Как только за Гали закрылась дверь, зазвонил телефон. Хмельницкий подождал, пока назойливые звонки не прекратятся, после чего снял трубку и засунул ее под плед. Потом снова раскрыл «папку Гали».
Лучи солнца запутались в буйной, давно не знавшей садовых ножниц зелени московских двориков. Солнце стояло все еще высоко, но уже перевалило зенит. Атташе по культуре норвежского посольства Торвальд Йоргенсен припарковал свой автомобиль вблизи Поварской, метров за сто пятьдесят до мастерской Хмельницкого. Йоргенесен любил пешие прогулки. Ему нравилась Поварская, как, впрочем, и Солянка, Воздвиженка, Сретенка…
Он полюбил кривые и горбатые улочки и переулки этого города, столицы такой странной страны. Ему импонировала даже умеренная нерадивость дворников, оставлявших на тротуарах тихих улочек опавшие листья. Ему нравились лепные фасады, на которые городские власти, слава Богу, не успели навести «конфетный» глянец, старинные купеческие особняки вот уже сто лет не походили на торты с виньетками из сливочного крема.
Еще ему полюбился этот удивительный контраст: попасть в такое вот царство патриархального московского уюта можно было, сделав лишь пару шагов в сторону от широкого и шумного проспекта с движением в восемь рядов, застроенного высотками. Как будто в бурной реке жизни мегаполиса встречались омуты и заводи остановившегося времени. В городе мало что осталось от архитектуры допетровских времен, но дух Москвы сохранился почти неизменным со времен Юрия Долгорукова. Даже образцы классического стиля и модерна на московской почве приобретали неуловимые византийские черты.

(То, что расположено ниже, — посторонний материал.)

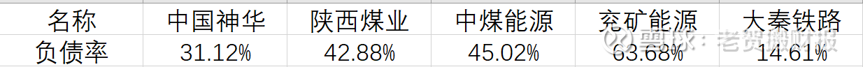 中国神华的负债率为 31.12%;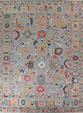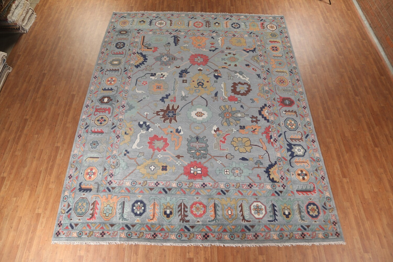 A Beautiful Genuine India Oushak rug is Hand Knotted by skillful weavers in India with 100% Wool Material. This rug is in New, First Quality condition. dimensions are 14' 11'' X 12' 2'' in foot and 455 X 371 in centimeter. the primary color is Greys & Charcoal.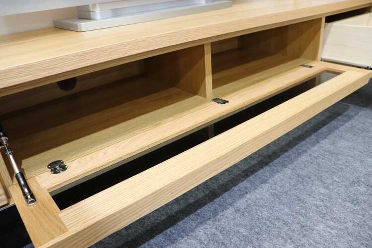 無垢材オイル塗装で仕上げたテレビ台の背面も化粧仕上げが施された豪華な仕上がり。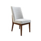 Las sillas están tapizadas en tela color gris de tacto suave y fácil mantenimiento, ofreciendo un equilibrio perfecto entre comodidad y diseño. Su estructura también está fabricada en madera de pino, lo que refuerza la unidad visual del conjunto y garantiza resistencia en el uso diario.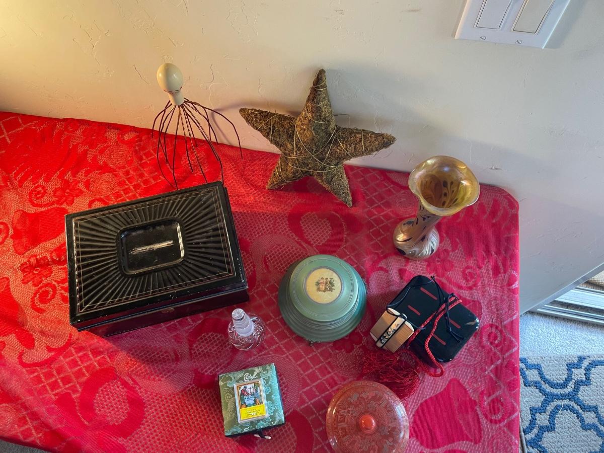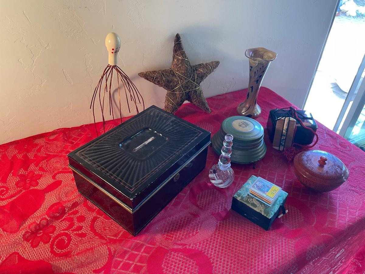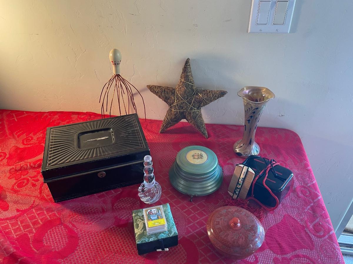 An assortment of accessories you might find on your grandmothers nightstand including a vintage music box in working condition, a tin box, a head scratcher, a glass hand blown vase, an asian comb, an asian bowl with lid and more. All in good condition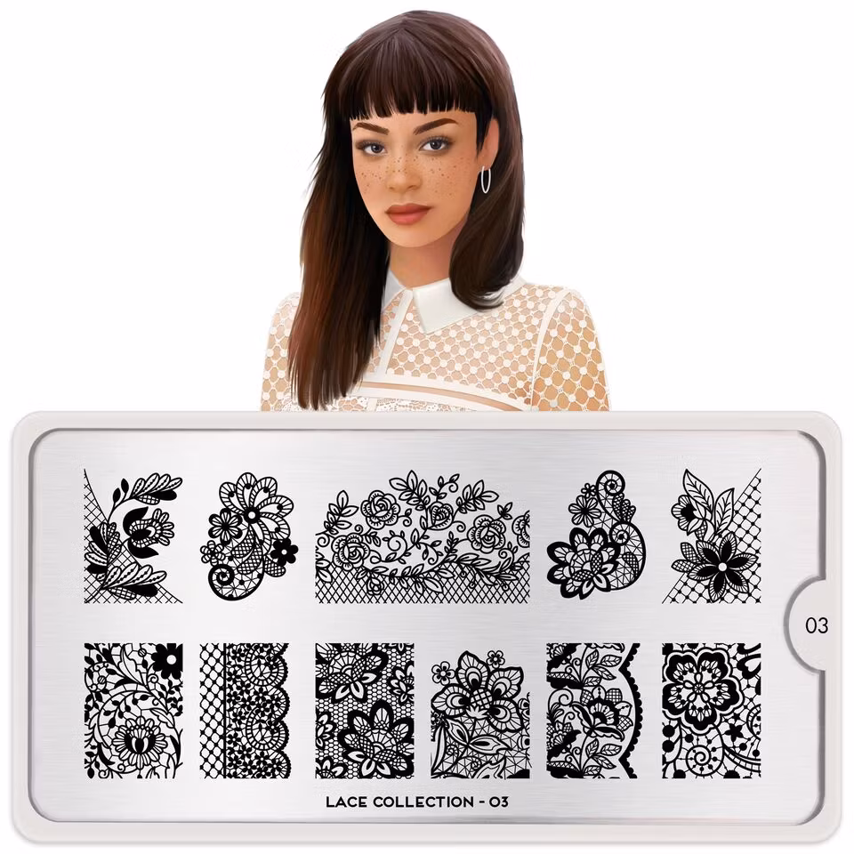 MoYou London Lace 03 innehåller 12 olika designer, var och en med måtten 1,5 x 2 cm.

Любимые Йоргенсеном уголки Москвы были приветливы и спокойны. «Вот такая она — столица самой северной и самой большой империи, которую побаивается весь мир, — размышлял норвежец в такт своим неспешным шагам. — Точка абсолютного покоя в центре циклона». Мысль понравилась Йоргенсену: какая-то часть его памяти была отведена под сборник своих собственных афоризмов. Он запоминал свои интересные мысли и ждал момента, когда можно будет их удачно ввернуть, блеснув в светской беседе.
Сегодня Йоргенсен был в прекрасном расположении духа: «Спас Нерукотворный» ждет его в мастерской Игоря Хмельницкого. Художник позвонил ему дня три — четыре назад и пригласил в мастерскую.
— Я нашел тебе «Спаса», Торвальд. Вторая четверть девятнадцатого века. «Спас Нерукотворный» архангельской школы. Кстати, в прекрасном состоянии, недавно отреставрирован.
Йоргенсен судорожно сглотнул. Телефонная трубка запотела от его жаркого и частого дыхания. Он смог произнести только одно: «Когда увидимся?» — с этой минуты отвлечь от мыслей о «Спасе» его смогло бы лишь что-нибудь, вроде внезапной кончины норвежского короля.
— Давай в субботу. Ближе к вечеру. Думаю, это будет удобно тебе, мне и еще одной персоне…
— Что за персона? — Йоргенсена не покидала профессиональная осторожность.
Чтобы не распрощаться с карьерой, он предпочитал грешить лишь в кругу надежных друзей, имеющих весьма отдаленное отношение к дипломатии, политике и власти.
— Сюрприз. Мы будем пировать, если договоримся о цене. А мы договоримся, так как ты щедр, а я не жаден. Мы будем пировать, и я надеюсь, Бахус останется доволен.
— А…. Это… девочки будут? Игорь таинственно помолчал.
— У меня для тебя есть сюрприз, больше ничего говорить не буду, иначе что же это за сюрприз?
— Очередная натурщица или студентка-архитекторша?
— Она не натурщица. И не студентка. И уж никак не «очередная» — единственная и неповторимая…
Выдержав еще одну мхатовскую паузу и заговорщически понизив голос, Игорь закончил беседу:
— Мы ждем тебя в субботу, в пять часов. Я, икона, и… — он чуть не проговорился или сделал вид, что чуть не проговорился, — и мой сюрприз.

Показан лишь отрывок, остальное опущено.